» YOUR TASK: Print the whole listing below exactly as given, pictures excluded.

» PROVIDED MATERIAL:

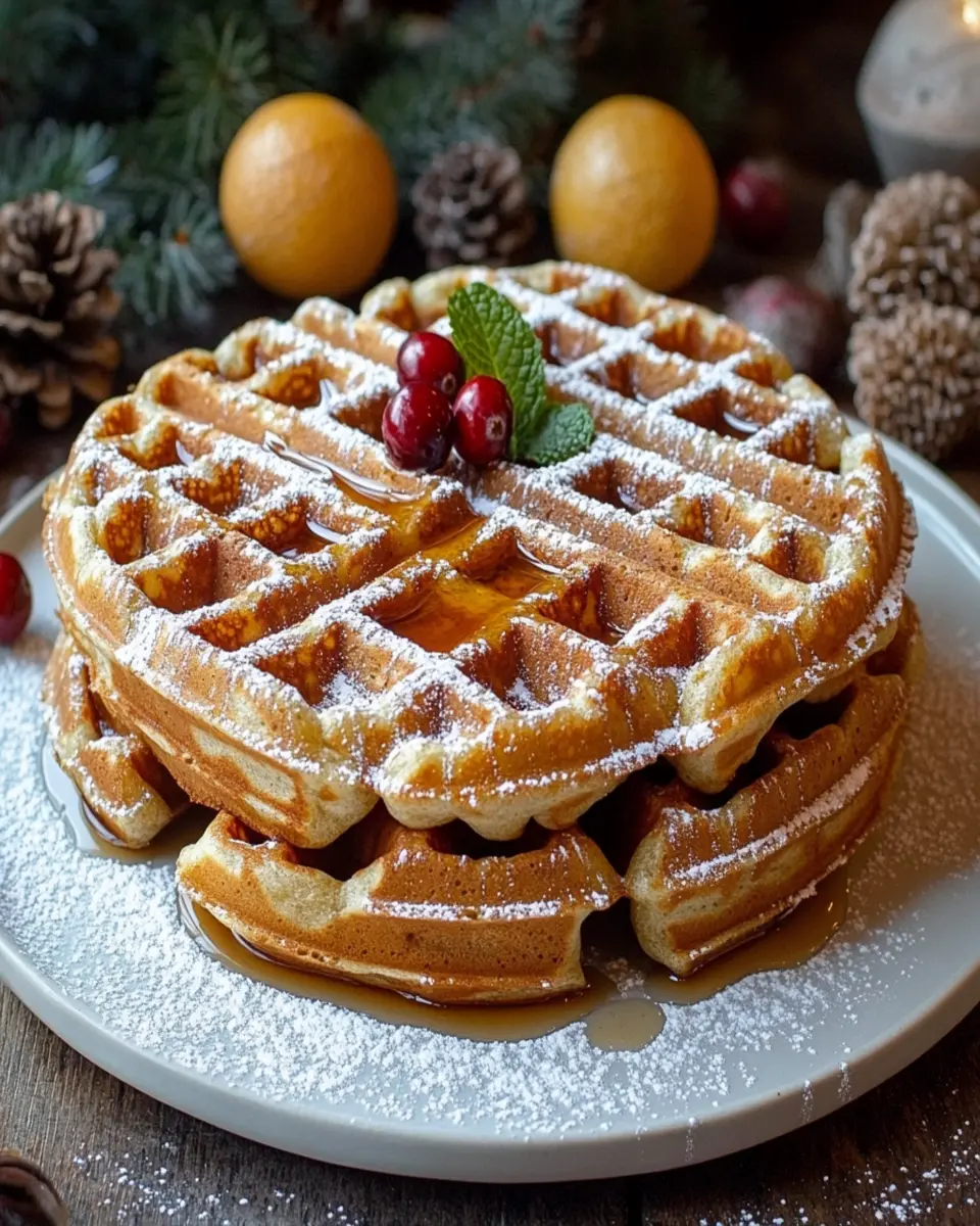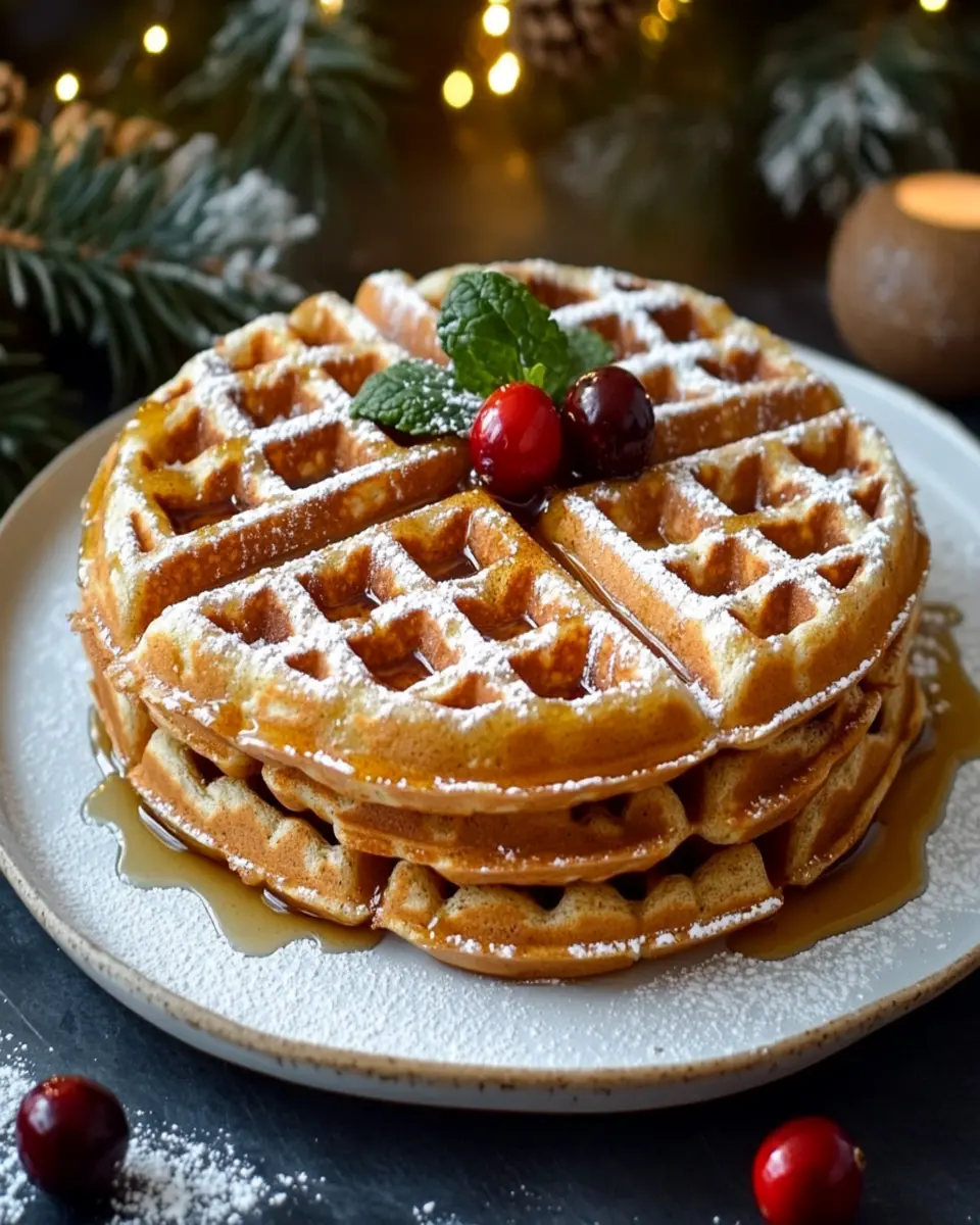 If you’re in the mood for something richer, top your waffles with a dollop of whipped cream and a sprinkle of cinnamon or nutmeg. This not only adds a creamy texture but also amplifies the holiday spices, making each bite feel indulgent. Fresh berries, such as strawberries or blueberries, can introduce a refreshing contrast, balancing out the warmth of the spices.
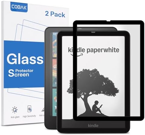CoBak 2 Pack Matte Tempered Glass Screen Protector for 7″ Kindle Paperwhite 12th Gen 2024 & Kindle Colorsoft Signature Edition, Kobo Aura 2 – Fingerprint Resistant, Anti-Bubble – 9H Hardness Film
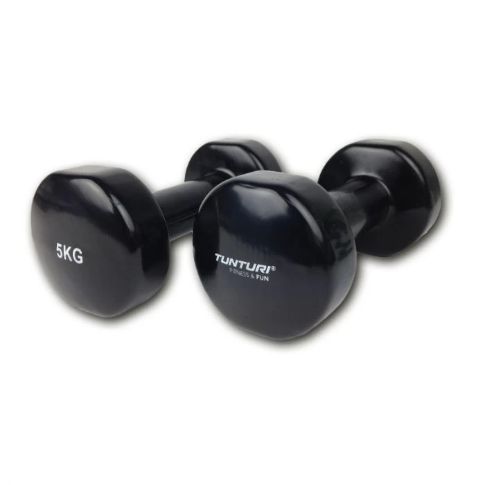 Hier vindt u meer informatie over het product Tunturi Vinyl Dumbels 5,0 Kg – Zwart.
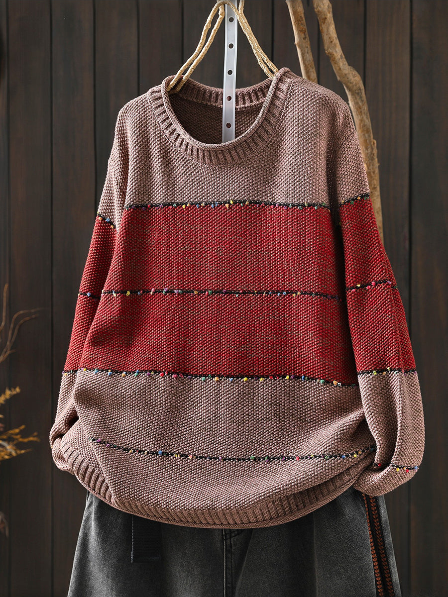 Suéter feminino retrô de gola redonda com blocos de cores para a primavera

» RESULT BELOW:
 If you’re in the mood for something richer, top your waffles with a dollop of whipped cream and a sprinkle of cinnamon or nutmeg. This not only adds a creamy texture but also amplifies the holiday spices, making each bite feel indulgent. Fresh berries, such as strawberries or blueberries, can introduce a refreshing contrast, balancing out the warmth of the spices.
CoBak 2 Pack Matte Tempered Glass Screen Protector for 7″ Kindle Paperwhite 12th Gen 2024 & Kindle Colorsoft Signature Edition, Kobo Aura 2 – Fingerprint Resistant, Anti-Bubble – 9H Hardness Film
 Hier vindt u meer informatie over het product Tunturi Vinyl Dumbels 5,0 Kg – Zwart.
 Suéter feminino retrô de gola redonda com blocos de cores para a primavera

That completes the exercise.